Подхватив корзинку двумя руками, она несколько минут сияла улыбкой, переминаясь с ноги на ногу, покачиваясь, будто собираясь что-то сказать.
– Граждане! – начала она неловко. – Граждане, товарищи! Вы, наверное, все здесь проездом… А я – здешняя, живу на Краснознаменской…
Бывшие пассажиры, занятые тем, что приводили поклажу в порядок, с неохотой глянули на нее.
– Дилижанс четверть версты не добрался до нашего города Зелемска – через небольшую лесополосу лежит улица Привозная, – говорила она нарочито громко, с нажимом, подбирая слова, словно из учебника по географии или путеводителя. – Тут рядом бывшая гостиница, перепрофилированная в коммуналки, следом опять в гостиницу, в ней половину комнат еще снимают жильцы, а другая половина сдается под номера.
– Довольно сносные, – поддакнула дама в берете, отчего-то обращаясь только к Грениху.
– Да, очень сносные, хорошие, чистые. Там мой дядя живет. Вы могли бы остаться здесь на ночь, до следующего дилижанса. Заведующий – товарищ Вейс. Уверена, он вас всех примет, – махнула головой девушка, продолжая покачиваться с одной ноги на другую от чувства острой неловкости, но и желания помочь бедным, брошенным путешественникам. – Вон, видите крыша виднеется. Идемте, я провожу!

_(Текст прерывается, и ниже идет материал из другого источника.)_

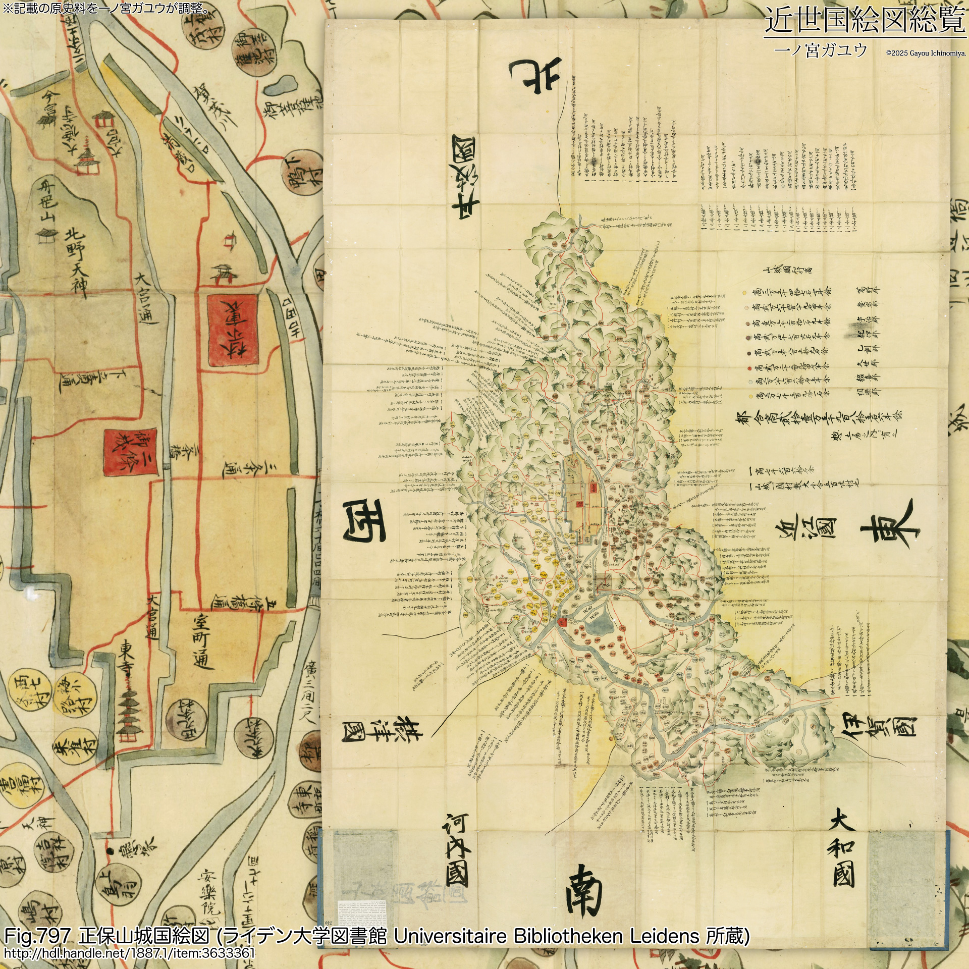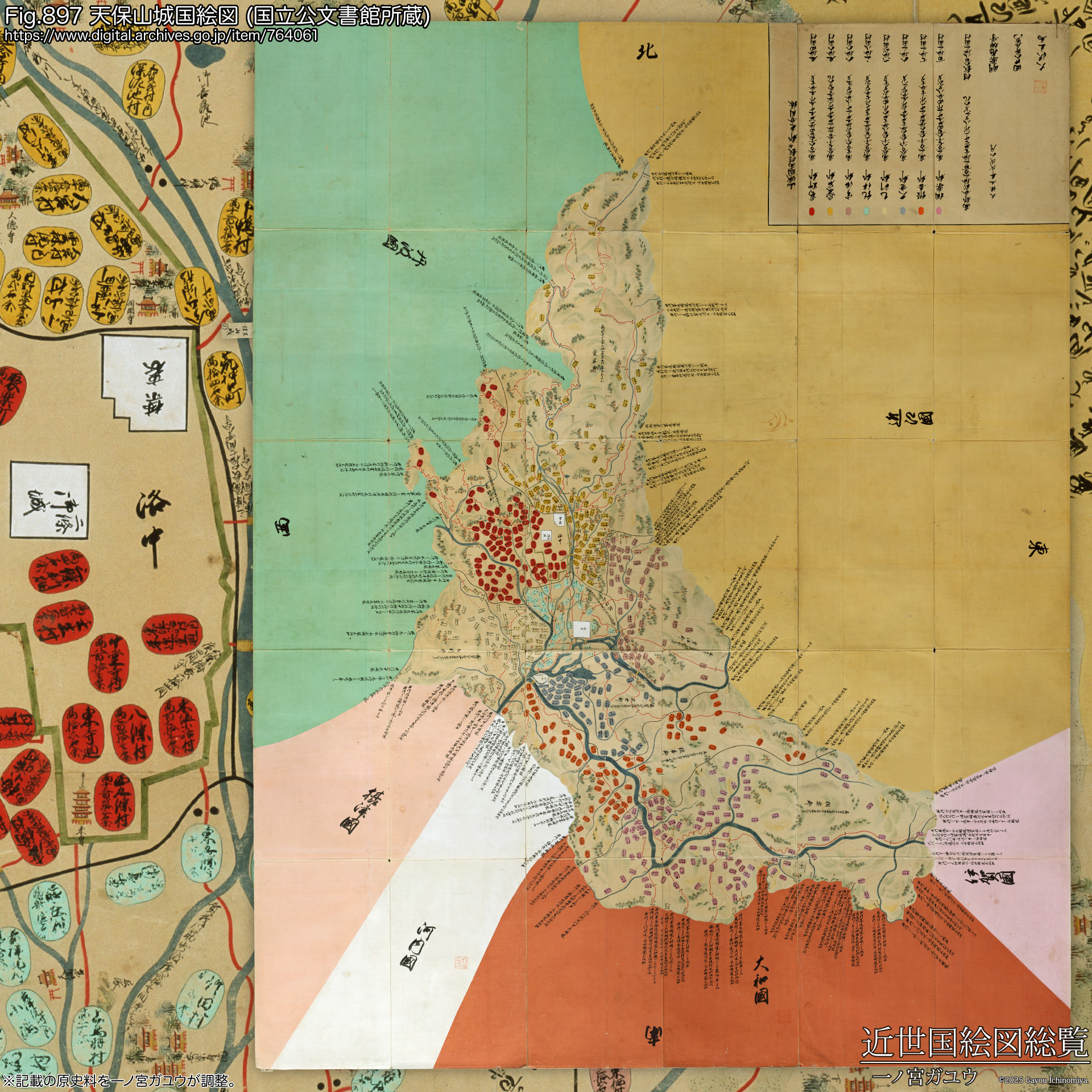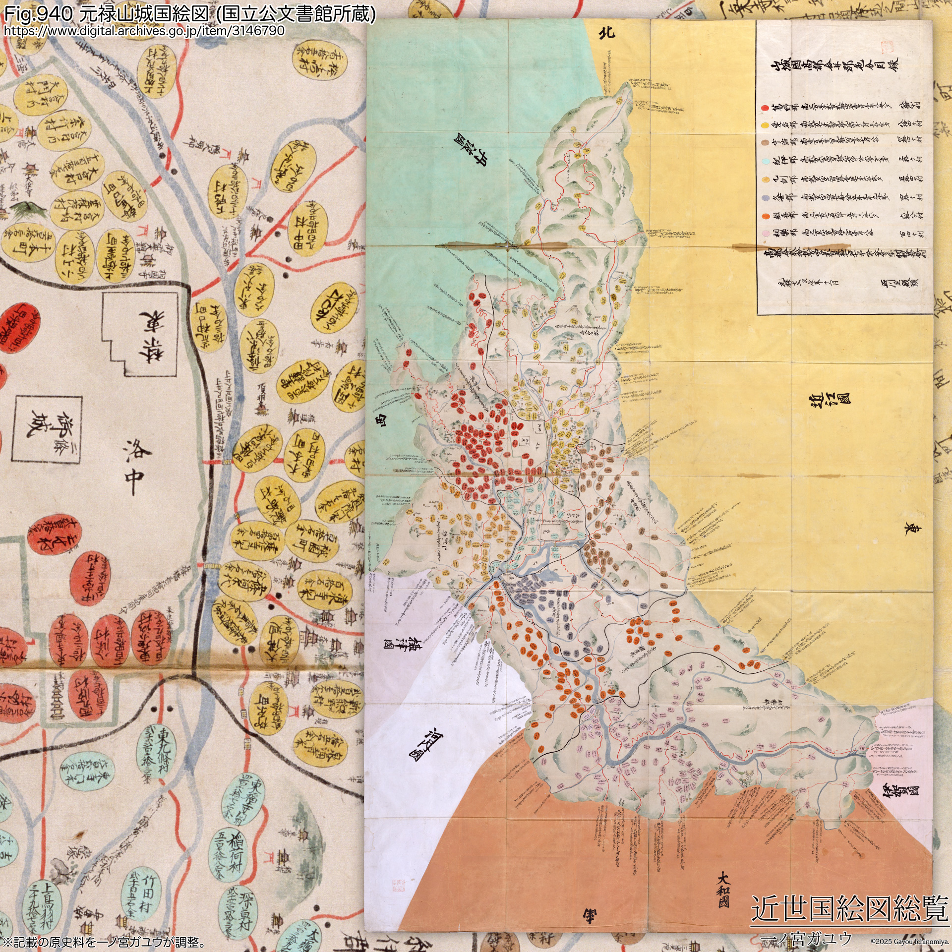 山城国については正保以降の国絵図 (『正保山城国絵図』『元禄山城国絵図』『天保山城国絵図』) が現存し、これは比較的充実しているほうである。『正保山城国絵図』についてはライデン大学図書館所蔵がオンライン公開されている。

После транспортной катастрофы бесколесный дилижанс так и остался одиноко стоять на дороге. Груженные корзинами, саквояжами, чемоданами, все двинулись в глубь леса грунтовой, хорошо утоптанной тропинкой, растянувшись длинной вереницей, будто большие муравьи, шествующие к своему муравейнику.
Нужно будет взять какой-нибудь тарантас на ближайшей почтовой станции или же дроги, стал размышлять Грених, подхватив свой потрепанный желтый чемодан со скромным запасом белья, парой пробирок, заранее прокипяченными шприцами. Рядом, распевая песенку нескладного сочинения, вприпрыжку бежала Майка, весьма довольная тем, что, топнув ногой, она развалила на части экипаж. Именно об этом и была ее поэма. А еще о том, что она дочь колдуньи, а ее собственные пальцы высекают искры.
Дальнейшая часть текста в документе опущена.